This project is an implementation of a simple sitemap generator. The sitemap is printed to stdout, and comprises of 3 parts:
- Links to all pages under the same domain
- Links to static content items such as images
- External URLs.
The implementation requires a starting URL as input. The application then crawls all pages within the domain, but does not follow the links to external sites.
The implementation uses a Fork-Join pool and recursively creates new tasks to crawl the linked pages. Links are in the web-pages are parsed using Jsoup and then categorized as internal-link, internal-media, or external link.
The implementation internally keeps track of how the linked pages are discovered and which ones cannot be downloaded due to errors. The output can thus be extended to include extra information if desired.
Tests are written using Spock-framework.
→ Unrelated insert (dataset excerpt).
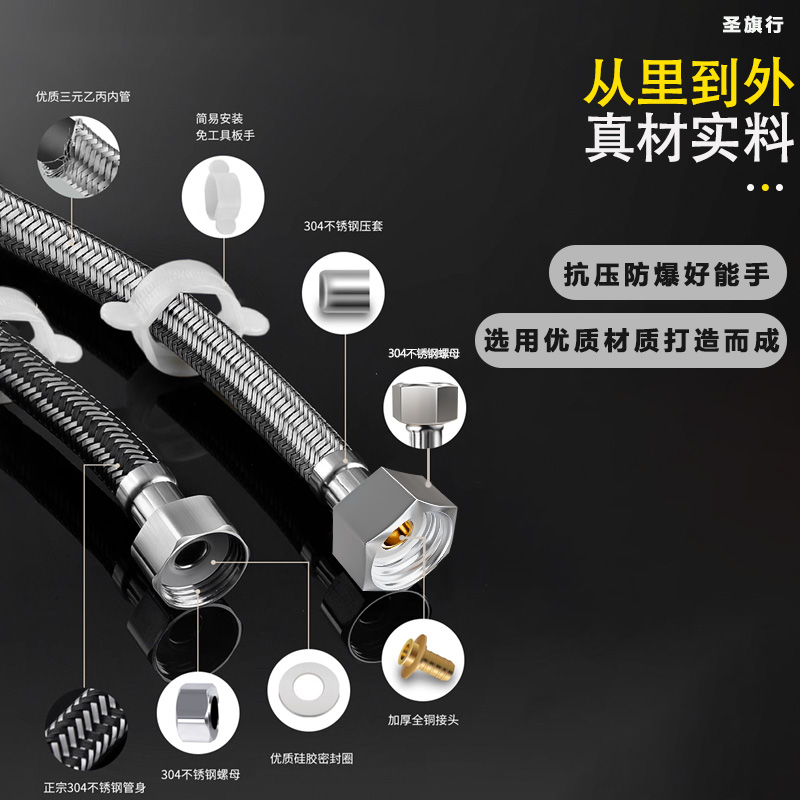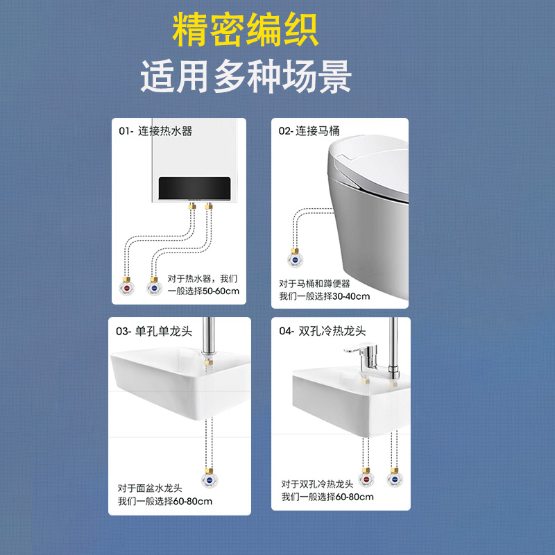 304不锈钢编织软管水管冷热4分进水马桶热水器高压防爆金属连接管

Only integration tests have been implemented as most logic ic closely related to actual network connections and parsing of HTML. The tests use WireMock (provides an embedded jetty server) to simulate the target site to be crawled.
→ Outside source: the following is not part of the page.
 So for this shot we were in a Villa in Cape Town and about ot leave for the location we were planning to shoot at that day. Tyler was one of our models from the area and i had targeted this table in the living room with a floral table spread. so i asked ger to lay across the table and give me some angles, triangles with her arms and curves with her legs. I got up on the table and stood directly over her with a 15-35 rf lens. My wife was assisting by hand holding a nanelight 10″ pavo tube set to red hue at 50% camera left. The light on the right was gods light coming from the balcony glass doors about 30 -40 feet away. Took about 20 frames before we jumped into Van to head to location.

Requests are retried up to 3 times in case of IOExceptions.
- Number of concurrent threads is currently fixed at 4. The number is kept low to avoid excessive load on target server.
- There is no logic related to delays between requests.
- Implementation is a stand-alone applications and is not designed to be run as a distributed system.
- Check response header's content-type and abort download if the content is not html.
- Attempt to encode URLs with spaces.
- Output could be saved as a file.
- The crawler could be made to cope with large websites by: a. Writing the output incrementally as crawling progresses. b. Keeping track of crawled pages in an external storage.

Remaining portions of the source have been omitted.